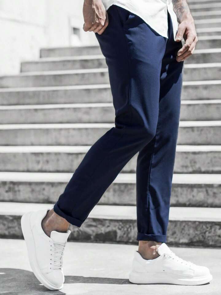 Herren einfarbige verjüngte Hose, Ausgehenhose aus reiner Baumwolle für Lässig-Looks, als Geschenk für Ehemann oder Freund, für den Herbst
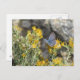 Foto de una mariposa azul de una reakirta sobre flores silvestres amarillas en Tucson Arizona.
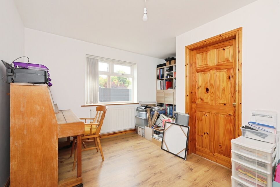 A room providing versatile accommodation with laminate floor covering, central heating radiator and side facing double glazed window.

> _ACTIVITY_
Output the listing above exactly, excluding all pictures.

> _RESPONSE AREA_
 Herren einfarbige verjüngte Hose, Ausgehenhose aus reiner Baumwolle für Lässig-Looks, als Geschenk für Ehemann oder Freund, für den Herbst
 Foto de una mariposa azul de una reakirta sobre flores silvestres amarillas en Tucson Arizona.
 A room providing versatile accommodation with laminate floor covering, central heating radiator and side facing double glazed window.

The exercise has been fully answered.